In today’s world, we have the capability to collect vast amounts of data related to personal activities using devices like Fitbit, Nike Fuelband, or Jawbone Up. These devices are integral to the “quantified self” movement, where individuals regularly gather data about themselves to improve their health, identify behavioral patterns, or simply indulge their curiosity as tech enthusiasts. Despite the abundance of data, there are challenges in acquiring raw data and a scarcity of statistical methods and software for effectively processing and interpreting this data.

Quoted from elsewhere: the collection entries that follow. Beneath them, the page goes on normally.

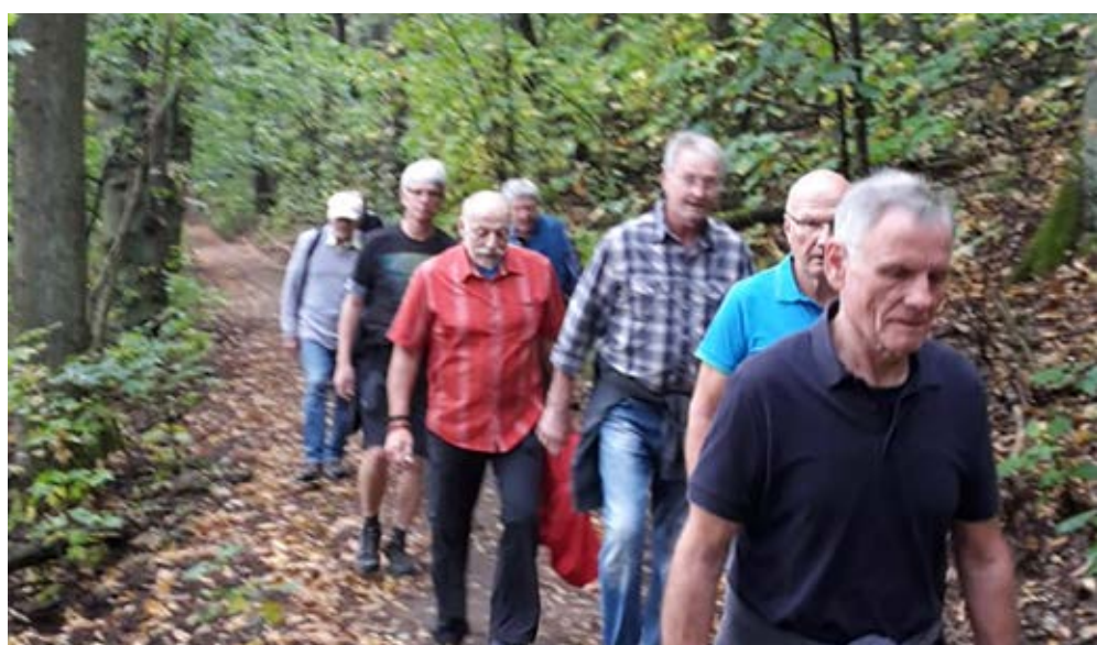
Im Pfälzer Wald auf Schusters Rappen.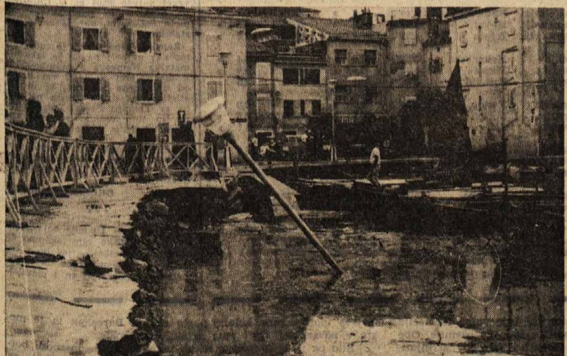
V miljskem portiču se je v dolžini 35 m in v širini od 1 do 3 m udrla obala, v zalivu so se potopili številni čolni, ni pa izključeno, da je na dnu pristana tudi kakšna vespa in celo avto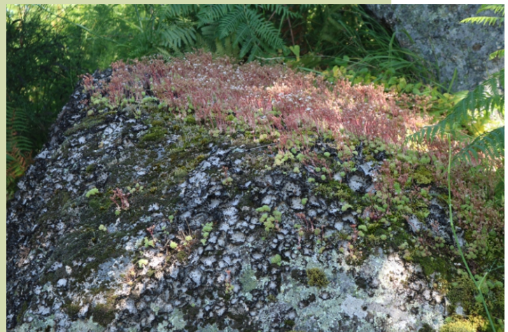
Vida sobre unha rocha: líques, brións, uvas de lagarto...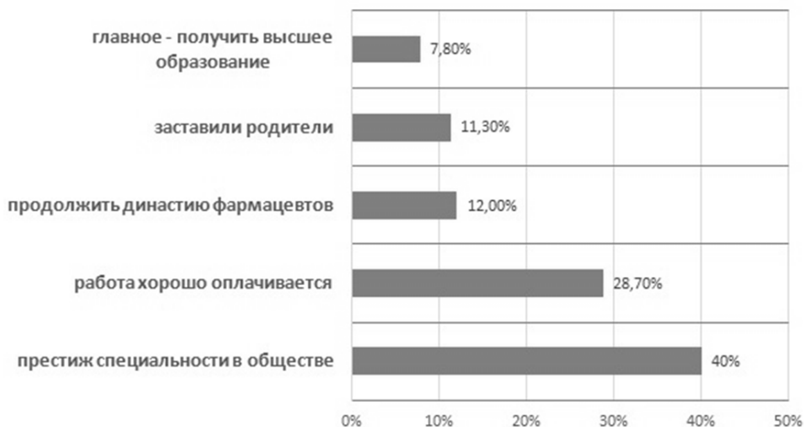
Рисунок 2 – Факторы влияния на выбор профессии

Следующий вопрос был направлен на определение сформированной профессиональной стойкости: "Представьте, что Вы опять абитуриент и намереваетесь поступить в вуз. Избрали ли бы Вы профессию, которой овладеваете теперь?" Ответы на этот вопрос показывают, насколько сознательным был выбор профессии. Стойкость профессионального вы-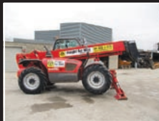
Manitou MT 1435 Telestapler 14m/3,5Tonnen - 2006/7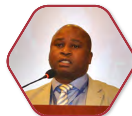
南非农村发展与 土地改革部 副部长 穆塞比斯·斯科瓦特沙 (Mcebisi Skwatsha)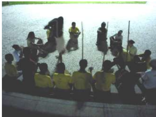
Figura 13 - Roda de Capoeira Angola na Casa das Onze Janelas, com crianças da comunidade quilombola de Macapazinho e frente de trabalho de Belém do grupo Eu Sou Angoleiro . Belém, janeiro de 2009.

O que estes corpos transformados representam? Quais os significados de cada postura corporal dentro do universo da Capoeira Angola? Questionamentos que passam por questões

This assignment focuses on utilizing data from a personal activity monitoring device that records data at 5-minute intervals throughout the day. The dataset spans two months, covering October and November 2012, and it contains information about the number of steps taken in 5-minute intervals on each day.
The dataset for this assignment can be downloaded from the course website:
- Dataset: Activity Monitoring Data
The dataset consists of the following variables:
- steps: The number of steps taken in a 5-minute interval (missing values are denoted as 𝙽𝙰).

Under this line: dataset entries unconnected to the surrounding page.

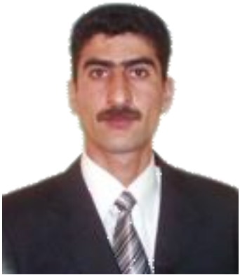
خه لیل پالادی

تا ئه دوو ساله (cpa) ئه مریکیه کان له مه خموور فهرانزه وایه تی ئه و ده فهرانه یان ده کرد، ریگایان نه ده دا ئالای کوردستان به تنه یا له سه ر دام و ده زگا حکومیه کان و باره گای حیزنه کان هه لیکریت، ده بو له ته کیدا به خو شی بیته یا به ترشی ئالای به عسیان هه لکرده، ئه گینا ده بو ئالای کوردستان بیته خواره وه، خو هه ندیک له لاینه کان خو یان به ر له وه هه لیانکرده بو، له دانیه شته کانیشیانا له گه ل جه ماوه ئه م کاره یان به شتیکی ئاسایی هه ژمار ده کرد .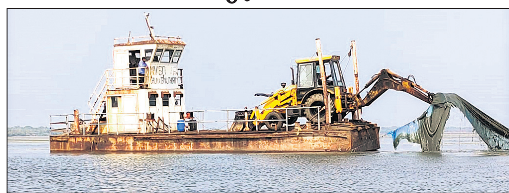
ଚିଙ୍ଗୁଡ଼ି ଘେରି ଉଚ୍ଛେଦ କରାଯାଇଛି ।

ଖଲିକୋଟ ତହସିଲ ଅଧୀନ ଚିଲିକାରେ ଥିବା ୧୫୮ ଏକର ବେଆଇନ ଚିଙ୍ଗୁଡ଼ିଘେରି ଯୋଗଦାନ ପ୍ରଶାସନ ପକ୍ଷରୁ ଉଚ୍ଛେଦ କରାଯାଇଛି । ଦୀର୍ଘଦିନ ହେବ ସମାଜନାସି, ଧର୍ମାବାଳି ଅଞ୍ଚଳରେ ବେଆଇନ ଚିଙ୍ଗୁଡ଼ି ଘେରି ଚାଲିଥିଲା । ଏହାକୁ ଭାଙ୍ଗିବା ପାଇଁ ପୂର୍ବରୁ ନୌସି ଛାଡି ହୋଇଥିଲା ।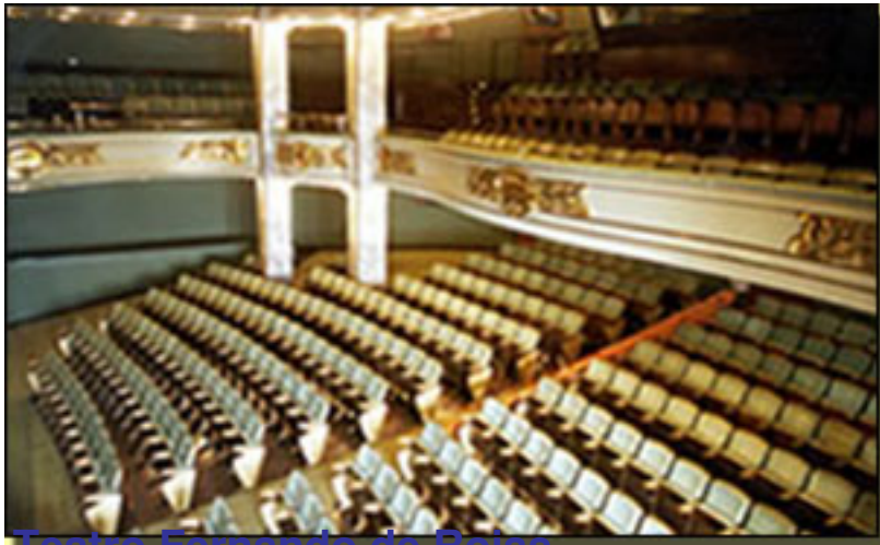
Teatro Fernando de Rojas

Viernes, 26 de Febrero de 2010 14:36 - Actualizado Domingo, 25 de Abril de 2010 16:52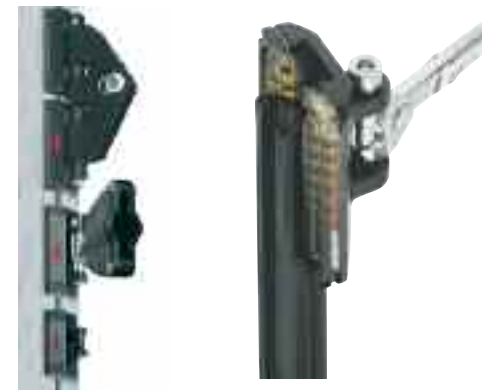
Ronstan Ballslide ohne Schiene ab € 1.250,-

Sparen Sie Kraft und Zeit beim Setzen und Bergen Ihres Grosssegels. Wir empfehlen gelagerte Rutschersysteme für die Verminderung von Reibung bis zu 90%. Im Zusammenspiel mit einem Lazy-Jack-System fällt das Grosssegel geordnet innerhalb weniger Sekunden und ist anschliessend durch wenige Handgriffe fertig aufgetucht.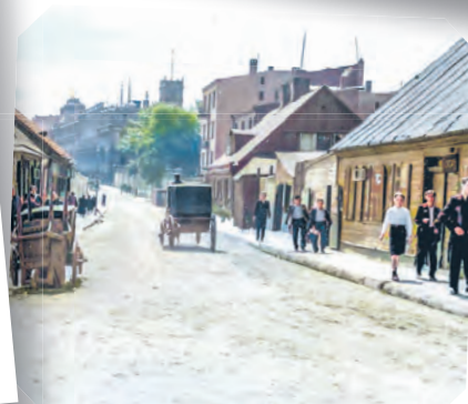
Ulica Stodolniana w latach 30. Obecnie jako fragment ulicy Zachodniej. Zdjęcie archiwalne autorstwa Włodzimierza Pfeiffera (koloryzowane)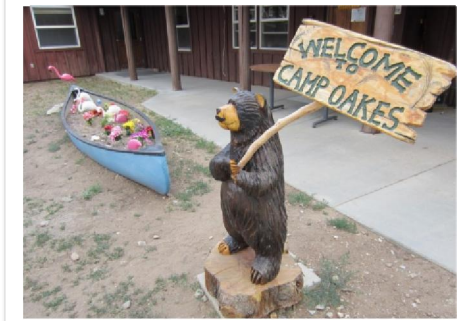
辦公室前門入口的小熊木雕像歡迎來客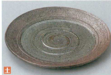
296-05-471 5,400円 0147296005 唐津呉須巻9.0皿 (26.5×2.5cm)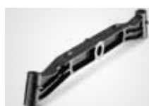
HEAVY-DUTY rám, litinové nápravy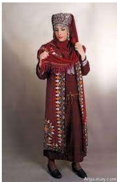
شکل ۱ - پیراهن زنان ترکمن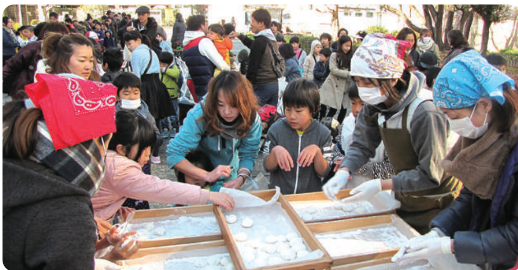
みんなで楽しくおもちつき 世代間交流(北条校区)

- date: The date on which the measurement was taken in YYYY-MM-DD format.
- interval: An identifier for the 5-minute interval during which the measurement was recorded.

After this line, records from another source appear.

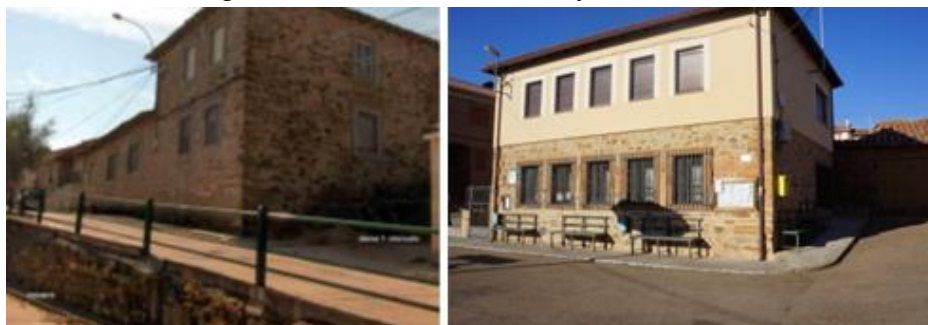
Figura8 - Escuelas de Boisán y Combarros.

de este modelo de construcción, que encontramos en las escuelas maragatas. Esta arquitectura está muy documentada en Aragón y Cataluña, pero poco en esta zona. Destacamos como ejemplo de escuelas-fortaleza las de Requejo-Pradorrey, Rabanal Viejo, Boisán, Viforcós, Pobladura, la Maluenga, Filiel, Combarros, etc.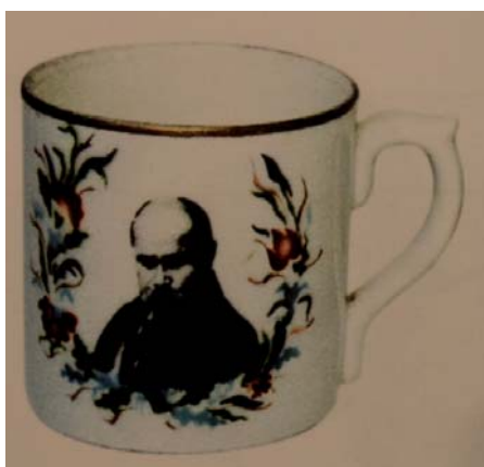
4. Кухлик. Фарфор, деколь, розпис. Кінець 1930-х рр. Довбиський фарфоровий завод [20, с. 117, світлина]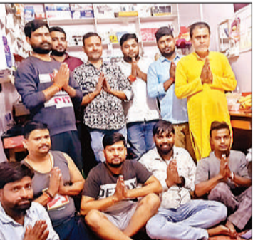
खाटू श्याम की पूजा- अर्चना करते लोग।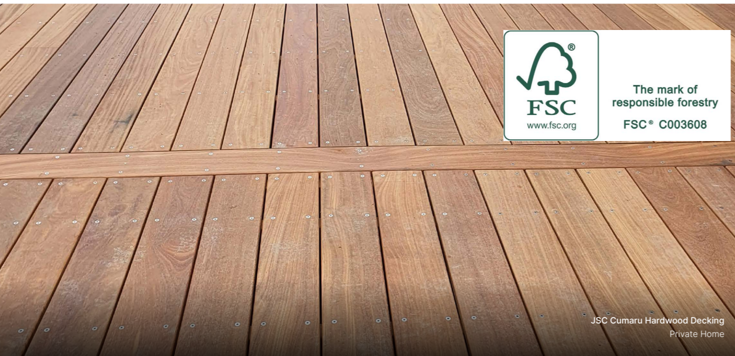
JSC Cumaru Hardwood Decking Private Home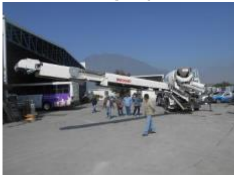
La BANDOLLA esta casi recta.

The dataset is stored in a comma-separated-value (CSV) file and comprises a total of 17,568 observations.
library(data.table)
library(ggplot2)
dataURL <- "https://d396qusza40orc.cloudfront.net/repdata%2Fdata%2Factivity.zip"
download.file(url = dataURL,destfile = paste0(getwd(), '/repdata%2Fdata%2Factivity.zip'), method = "curl")
unzip("repdata%2Fdata%2Factivity.zip",exdir = "data")
activity <- data.table::fread(input = "data/activity.csv")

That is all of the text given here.